Exercise: Set the data down again, exactly as it reads, but without the pictures.

Material provided:
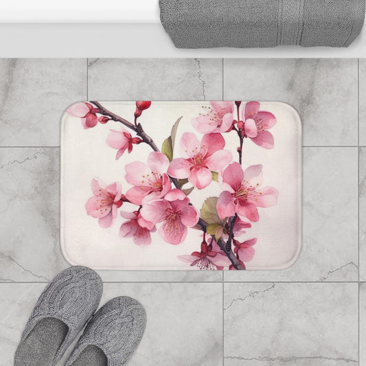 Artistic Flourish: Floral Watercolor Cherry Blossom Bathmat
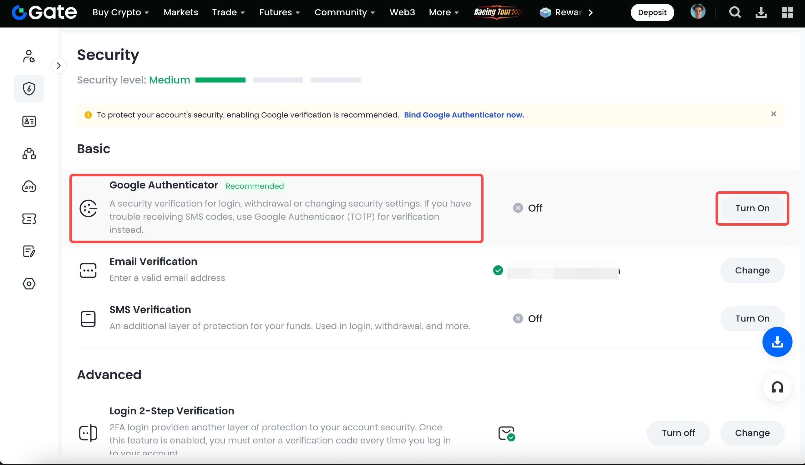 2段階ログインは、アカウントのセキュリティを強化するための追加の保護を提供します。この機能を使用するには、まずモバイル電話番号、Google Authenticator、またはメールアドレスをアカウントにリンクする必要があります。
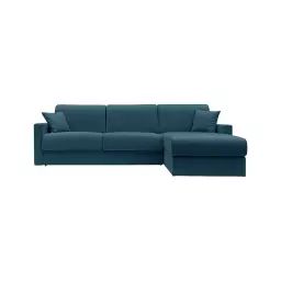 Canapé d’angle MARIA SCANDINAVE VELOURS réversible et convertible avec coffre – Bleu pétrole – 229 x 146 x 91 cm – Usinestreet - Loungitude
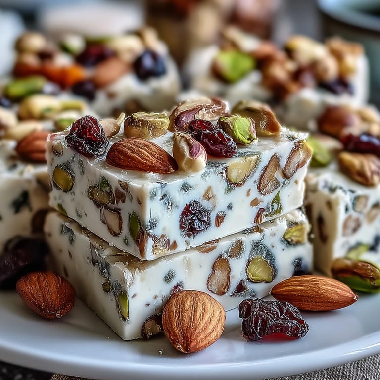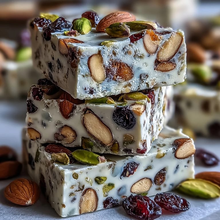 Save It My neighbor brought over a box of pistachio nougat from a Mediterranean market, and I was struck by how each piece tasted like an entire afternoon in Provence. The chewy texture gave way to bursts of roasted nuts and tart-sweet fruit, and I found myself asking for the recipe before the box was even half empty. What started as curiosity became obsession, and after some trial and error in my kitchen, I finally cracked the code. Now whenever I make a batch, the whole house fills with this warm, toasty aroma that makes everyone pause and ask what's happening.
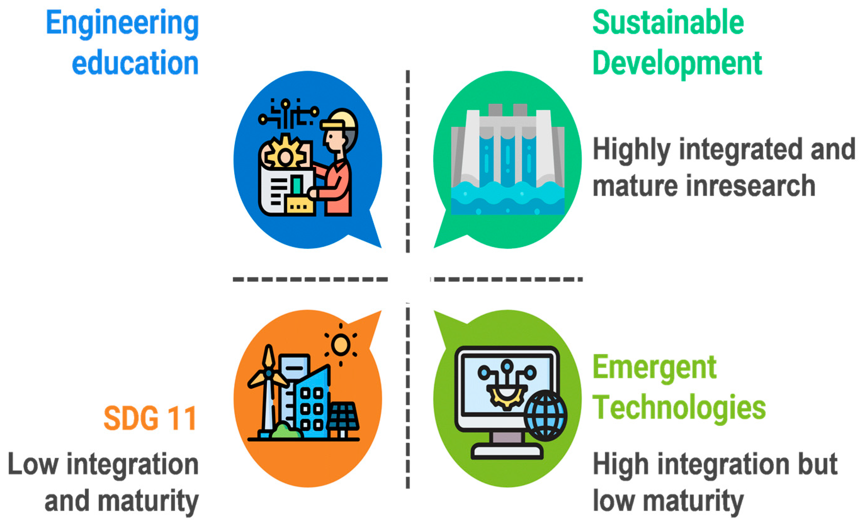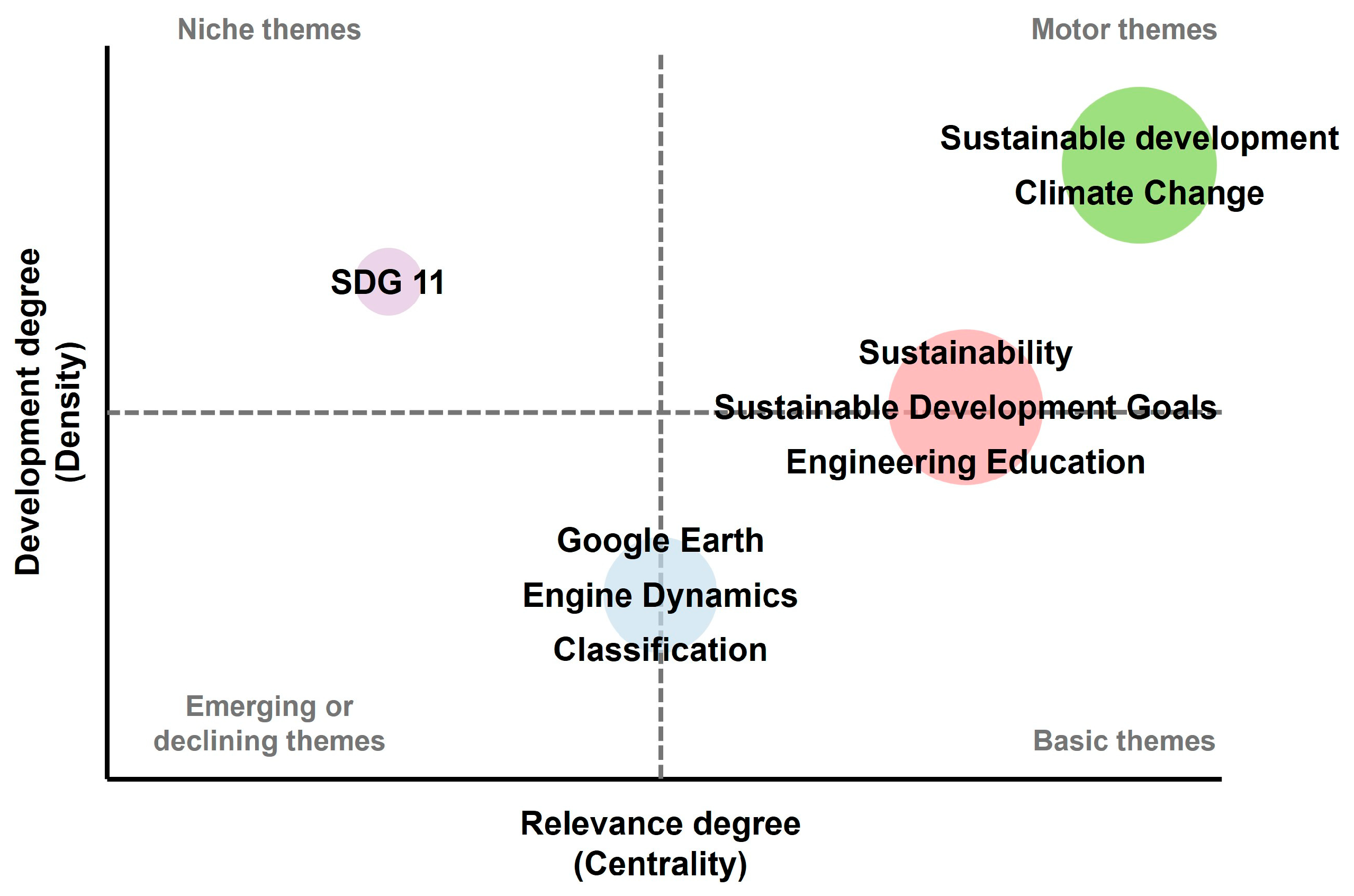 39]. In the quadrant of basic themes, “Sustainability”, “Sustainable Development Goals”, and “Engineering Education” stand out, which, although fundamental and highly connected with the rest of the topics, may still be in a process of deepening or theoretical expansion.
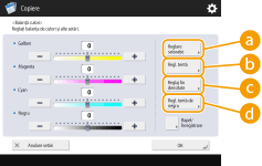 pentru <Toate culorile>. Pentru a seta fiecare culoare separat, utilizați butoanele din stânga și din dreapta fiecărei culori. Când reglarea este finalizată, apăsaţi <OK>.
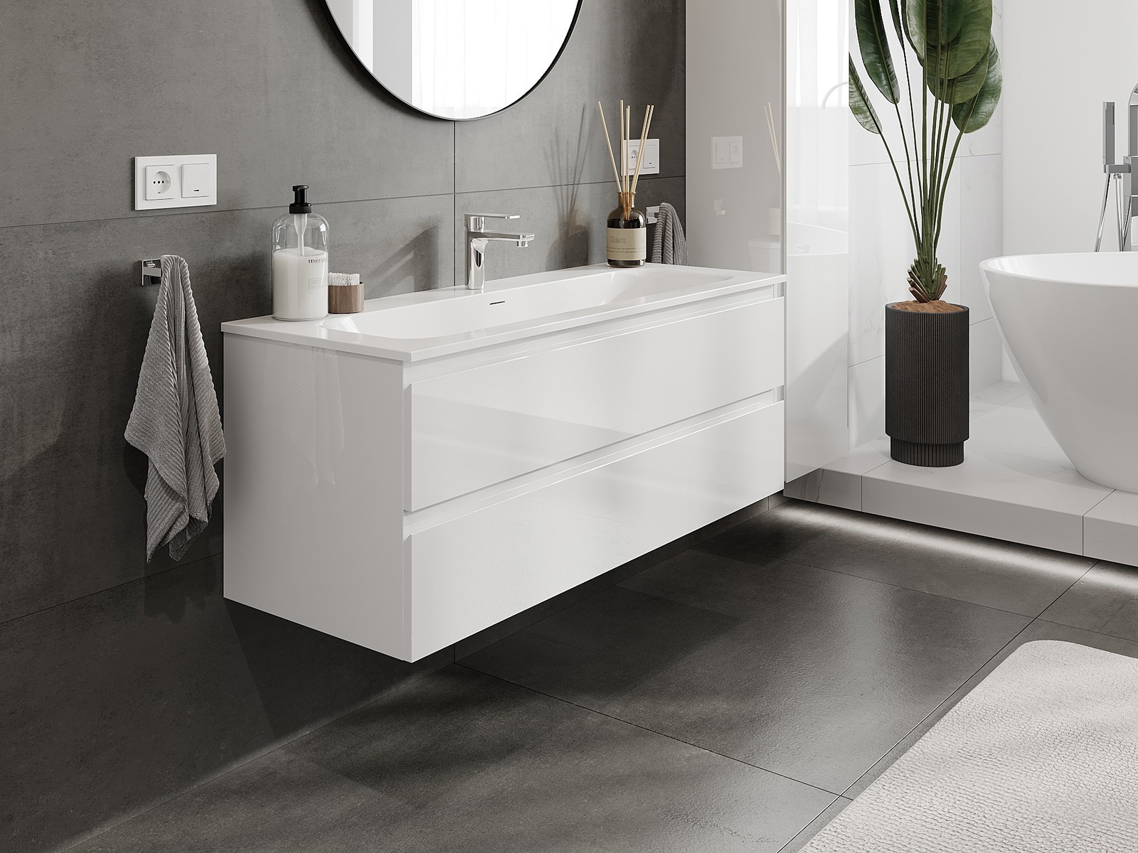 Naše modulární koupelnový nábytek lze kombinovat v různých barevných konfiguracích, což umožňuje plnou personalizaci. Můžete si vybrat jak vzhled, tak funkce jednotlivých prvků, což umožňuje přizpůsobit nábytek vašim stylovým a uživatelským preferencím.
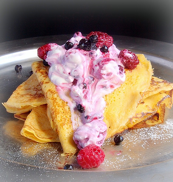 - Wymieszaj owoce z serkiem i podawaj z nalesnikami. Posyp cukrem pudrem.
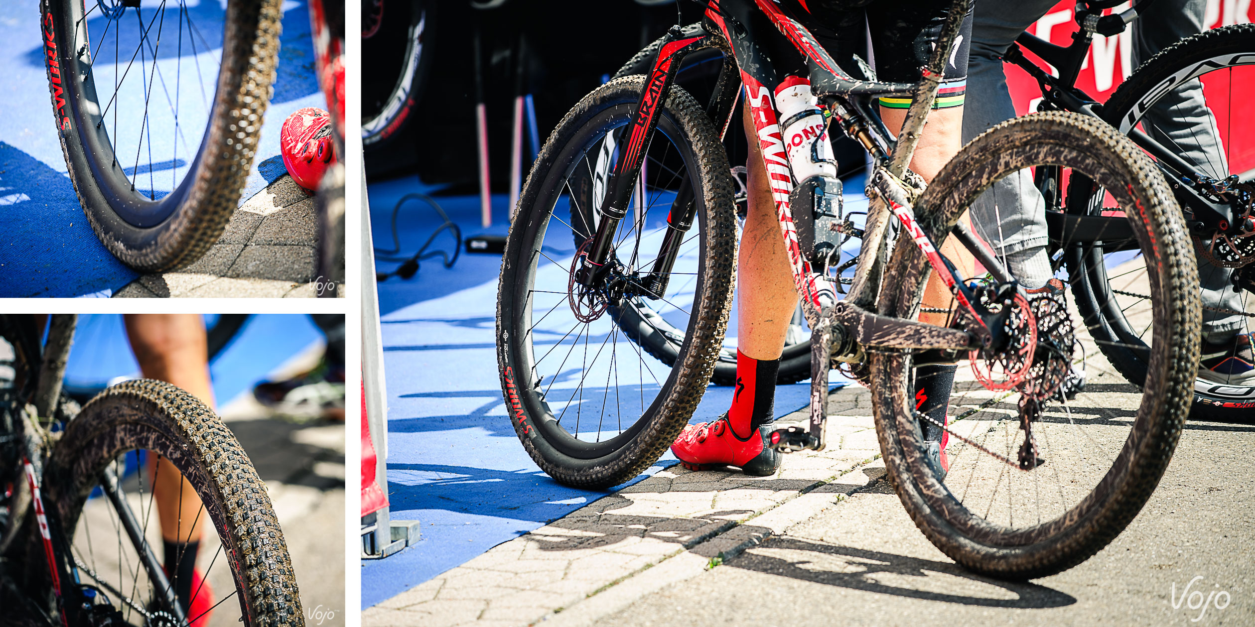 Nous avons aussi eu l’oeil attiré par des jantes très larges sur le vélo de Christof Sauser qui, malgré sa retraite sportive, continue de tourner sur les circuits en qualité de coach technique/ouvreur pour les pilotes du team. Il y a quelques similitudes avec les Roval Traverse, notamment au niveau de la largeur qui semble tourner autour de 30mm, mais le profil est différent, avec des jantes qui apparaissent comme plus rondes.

Exercise answer:
 Artistic Flourish: Floral Watercolor Cherry Blossom Bathmat
 2段階ログインは、アカウントのセキュリティを強化するための追加の保護を提供します。この機能を使用するには、まずモバイル電話番号、Google Authenticator、またはメールアドレスをアカウントにリンクする必要があります。
 Canapé d’angle MARIA SCANDINAVE VELOURS réversible et convertible avec coffre – Bleu pétrole – 229 x 146 x 91 cm – Usinestreet - Loungitude
 Save It My neighbor brought over a box of pistachio nougat from a Mediterranean market, and I was struck by how each piece tasted like an entire afternoon in Provence. The chewy texture gave way to bursts of roasted nuts and tart-sweet fruit, and I found myself asking for the recipe before the box was even half empty. What started as curiosity became obsession, and after some trial and error in my kitchen, I finally cracked the code. Now whenever I make a batch, the whole house fills with this warm, toasty aroma that makes everyone pause and ask what's happening.
 39]. In the quadrant of basic themes, “Sustainability”, “Sustainable Development Goals”, and “Engineering Education” stand out, which, although fundamental and highly connected with the rest of the topics, may still be in a process of deepening or theoretical expansion.
 pentru <Toate culorile>. Pentru a seta fiecare culoare separat, utilizați butoanele din stânga și din dreapta fiecărei culori. Când reglarea este finalizată, apăsaţi <OK>.
 Naše modulární koupelnový nábytek lze kombinovat v různých barevných konfiguracích, což umožňuje plnou personalizaci. Můžete si vybrat jak vzhled, tak funkce jednotlivých prvků, což umožňuje přizpůsobit nábytek vašim stylovým a uživatelským preferencím.
 - Wymieszaj owoce z serkiem i podawaj z nalesnikami. Posyp cukrem pudrem.
 Nous avons aussi eu l’oeil attiré par des jantes très larges sur le vélo de Christof Sauser qui, malgré sa retraite sportive, continue de tourner sur les circuits en qualité de coach technique/ouvreur pour les pilotes du team. Il y a quelques similitudes avec les Roval Traverse, notamment au niveau de la largeur qui semble tourner autour de 30mm, mais le profil est différent, avec des jantes qui apparaissent comme plus rondes.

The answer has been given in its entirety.